You appear to have tossed that phrase out as a magic talisman, devoid of all semantic content or context. "due process of law" is a description of what is necessary to take something (a right and or a property) away from someone. It is not only NOT permission for the government to take or control something, it is a tacit admission that, under normal circumstances, the government HAS no such permission.
It's got nothing to do with regulating how people treat their properties. It just means that when the police force takes your guns away for "evidence", and then refuse to give them back even when no charges materialize, they are behaving unconstitutionally.
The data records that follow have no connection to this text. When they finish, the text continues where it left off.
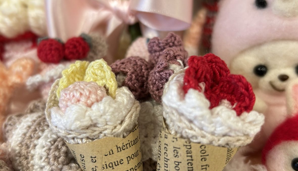 こんにちは(‘ω’)HanaLinoです!本日の作品をご紹介します✨ かぎ編みでクレープを作っていただきました🎵 いちごとバナナがとてもおいしそうです~(*´ω`*) … 続きを読む 作品紹介☺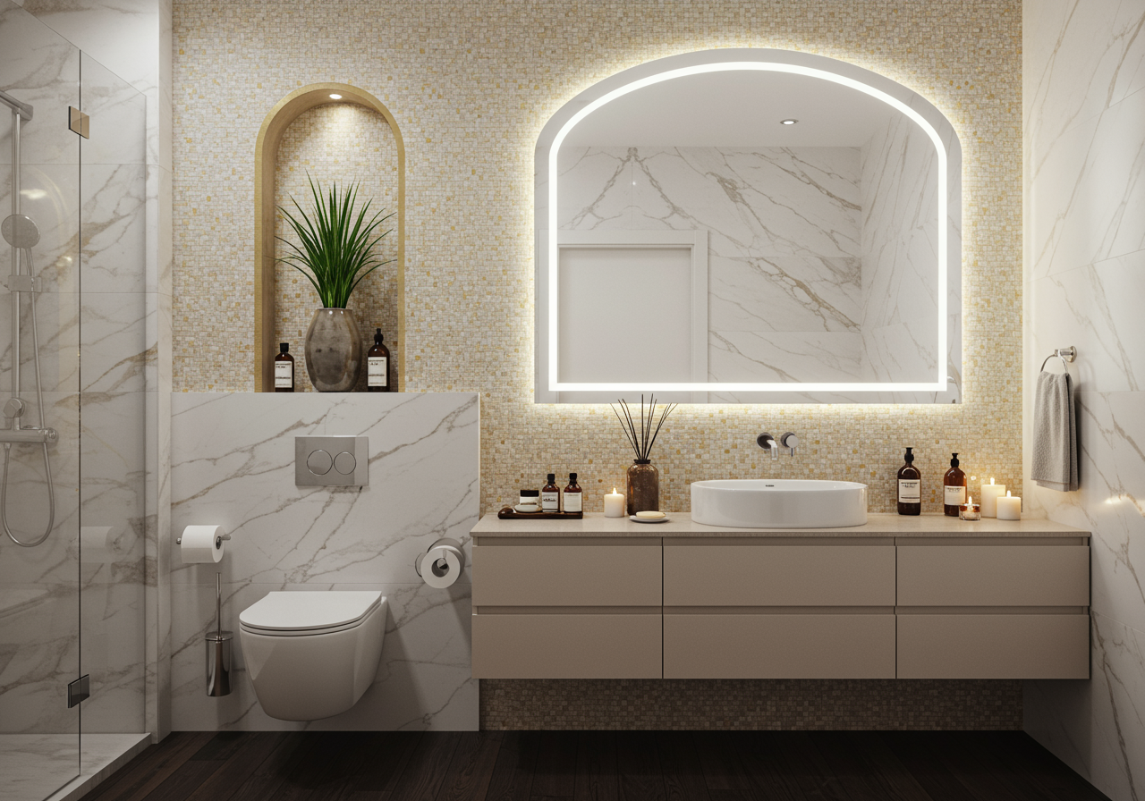 For example, if you’re adding a shelving unit, try to attach it to the wall instead of the floor to save space. If you’re putting prints on the wall, ensure they’re not butting up against the mirror and hung in a place where they won’t get wet.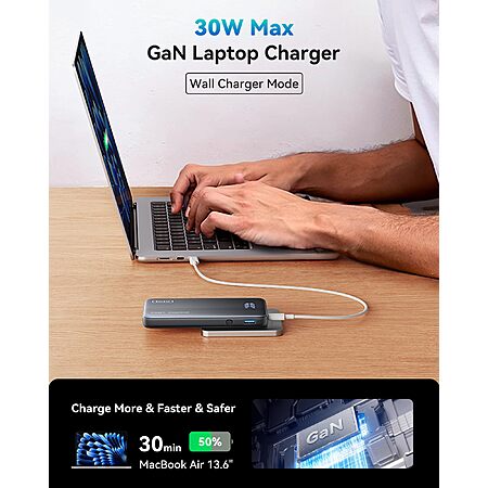 • 30W GaN Wall Charger: Provides 30W output with pass-through charging to power devices and recharge the bank simultaneously; charges MacBook Air to 50% in 30 minutes.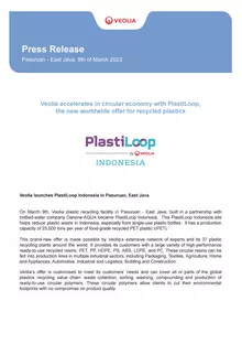 On March 9th, Veolia plastic recycling facility in Pasuruan - East Java, built in a partnership with bottled-water company Danone-AQUA became PlastiLoop Indonesia. This PlastiLoop Indonesia site helps reduce plastic waste in Indonesia, especially from single-use plastic bottles. It has a production capacity of 25,000 tons per year of food-grade recycled PET plastic (rPET).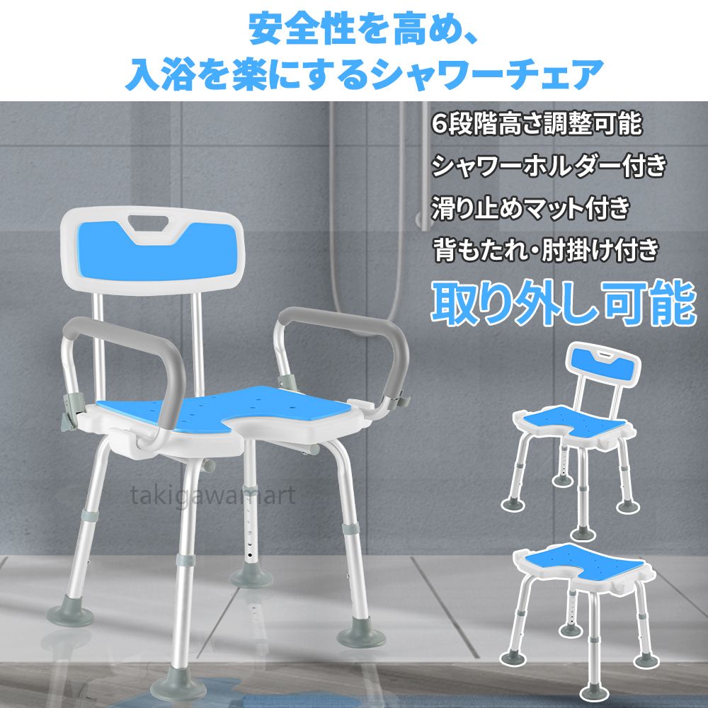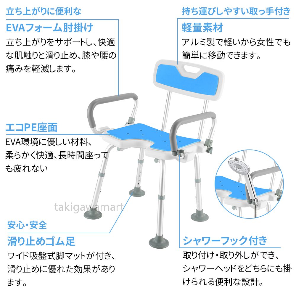 シャワーチェア 風呂イス 介護 入浴用 肘 バスチェア シャワーベンチ 風呂椅子 お風呂 背もたれ付き 高さ6段階調整 防滑ゴム付き 要組立 工具付き

Because, while true, it's not particularly relevent to any of the topics under discussion.
In any case, still, since "houses" and "persons" appear to be treated more or less in parallel throughout the constitution, how is it that this mysterious "privacy" right means that no government agency ever can tell me what I'm allowed and not allowed to do with my "person" (body), but it doesn't mean that no government agency can ever tell me what I'm allowed and not allowed to do with my "house" (home)?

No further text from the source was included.